Opposition to Tax Increase

The proposed capital gains tax increase has stirred controversy among business groups, with the Canadian Federation for Independent Business and the Canadian Chamber of Commerce expressing concerns in a May 9 letter that the change would “make Canada a less competitive and less innovative nation.”

The Canadian Medical Association has described the tax changes as “detrimental” to doctors, as it would result in a “retroactive increase in tax on the retirement savings of mid to late-career doctors” and discourage new graduates from pursuing community-based practice.

Emphasizing the government’s commitment to Canada’s healthcare, Freeland highlighted over $200 billion in investments made, along with a 50% increase in student loan forgiveness for rural doctors and nurses, and the introduction of dental and pharmacare plans.

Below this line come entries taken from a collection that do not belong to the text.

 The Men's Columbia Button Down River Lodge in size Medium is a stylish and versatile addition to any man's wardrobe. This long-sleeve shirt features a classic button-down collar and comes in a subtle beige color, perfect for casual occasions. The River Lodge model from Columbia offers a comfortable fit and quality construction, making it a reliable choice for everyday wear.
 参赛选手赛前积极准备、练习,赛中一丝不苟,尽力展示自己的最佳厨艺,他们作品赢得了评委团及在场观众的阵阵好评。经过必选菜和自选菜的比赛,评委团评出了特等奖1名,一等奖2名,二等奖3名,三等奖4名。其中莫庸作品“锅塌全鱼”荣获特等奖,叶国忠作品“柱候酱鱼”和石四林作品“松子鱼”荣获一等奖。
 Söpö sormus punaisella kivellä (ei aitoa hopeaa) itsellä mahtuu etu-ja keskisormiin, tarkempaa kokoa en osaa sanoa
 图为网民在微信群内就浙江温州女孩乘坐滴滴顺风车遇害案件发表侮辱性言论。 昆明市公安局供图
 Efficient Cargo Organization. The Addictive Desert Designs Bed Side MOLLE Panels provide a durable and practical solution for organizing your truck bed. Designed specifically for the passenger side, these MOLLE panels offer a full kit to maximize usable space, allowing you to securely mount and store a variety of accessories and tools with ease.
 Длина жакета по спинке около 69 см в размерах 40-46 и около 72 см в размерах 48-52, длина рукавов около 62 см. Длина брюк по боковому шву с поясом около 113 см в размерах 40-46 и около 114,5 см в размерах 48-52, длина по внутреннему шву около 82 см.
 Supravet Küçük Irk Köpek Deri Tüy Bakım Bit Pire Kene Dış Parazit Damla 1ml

The expected revenue from the capital gains tax hike, approximately $12 billion, would provide “significant revenue” for provinces and territories, according to Freeland.

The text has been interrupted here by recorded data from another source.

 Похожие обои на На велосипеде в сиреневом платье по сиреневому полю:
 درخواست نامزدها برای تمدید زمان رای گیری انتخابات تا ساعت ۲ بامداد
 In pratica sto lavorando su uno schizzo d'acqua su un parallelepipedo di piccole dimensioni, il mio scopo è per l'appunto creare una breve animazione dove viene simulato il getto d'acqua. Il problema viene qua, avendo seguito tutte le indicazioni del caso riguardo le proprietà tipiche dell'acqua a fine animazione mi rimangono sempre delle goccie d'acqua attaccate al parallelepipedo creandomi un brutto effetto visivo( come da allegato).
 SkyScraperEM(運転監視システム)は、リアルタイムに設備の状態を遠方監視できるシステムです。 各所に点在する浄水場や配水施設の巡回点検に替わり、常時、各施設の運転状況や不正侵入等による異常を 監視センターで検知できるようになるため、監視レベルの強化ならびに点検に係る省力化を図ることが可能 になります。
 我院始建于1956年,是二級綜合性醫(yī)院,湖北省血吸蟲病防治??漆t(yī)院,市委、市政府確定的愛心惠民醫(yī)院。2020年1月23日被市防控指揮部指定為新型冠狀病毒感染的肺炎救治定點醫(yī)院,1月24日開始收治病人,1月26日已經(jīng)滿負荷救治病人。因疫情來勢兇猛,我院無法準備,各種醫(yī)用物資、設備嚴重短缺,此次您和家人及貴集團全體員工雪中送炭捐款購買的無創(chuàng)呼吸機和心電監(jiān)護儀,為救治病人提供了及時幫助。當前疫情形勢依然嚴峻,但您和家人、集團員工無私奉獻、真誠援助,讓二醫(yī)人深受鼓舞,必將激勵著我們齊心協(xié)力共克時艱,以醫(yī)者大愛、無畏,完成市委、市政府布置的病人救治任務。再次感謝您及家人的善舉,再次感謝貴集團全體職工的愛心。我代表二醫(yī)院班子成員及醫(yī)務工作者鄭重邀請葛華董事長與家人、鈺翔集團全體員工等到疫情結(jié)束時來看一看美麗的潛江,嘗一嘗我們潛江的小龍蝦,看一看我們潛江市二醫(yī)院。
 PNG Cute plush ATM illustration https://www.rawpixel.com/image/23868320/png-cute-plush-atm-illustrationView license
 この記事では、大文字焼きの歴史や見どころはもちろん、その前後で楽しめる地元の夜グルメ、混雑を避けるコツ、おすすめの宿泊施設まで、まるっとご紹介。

“I would suggest that provinces and territories use some of that revenue to increase the salaries of doctors if Canadians believe our doctors should be better paid,” she stated.

Some Conservative MPs have accused the Liberals of delaying the start date for the tax hike until June 25 to create a pre-election increase in tax revenue. They argue that Canadians may hurry to sell investments, properties, or businesses before the deadline.

Conservative MP Philip Lawrence voiced concerns at a House of Commons finance committee hearing on May 7 that the Liberals would require an extra $7 billion in revenue to fund their latest budget, resulting in them “creating a forced sale situation by announcing the legislation takes effect on June 25.”

Conservative Leader Pierre Poilievre has yet to disclose his stance on the new legislation. A spokesperson stated in an article published in The Epoch Times last month that it’s “impossible” to determine Poilievre’s position without the actual legislation.

Freeland has previously urged Poilievre to clarify his position on the tax change and mentioned on June 10 that Canadians should closely monitor all MPs’ votes on the matter.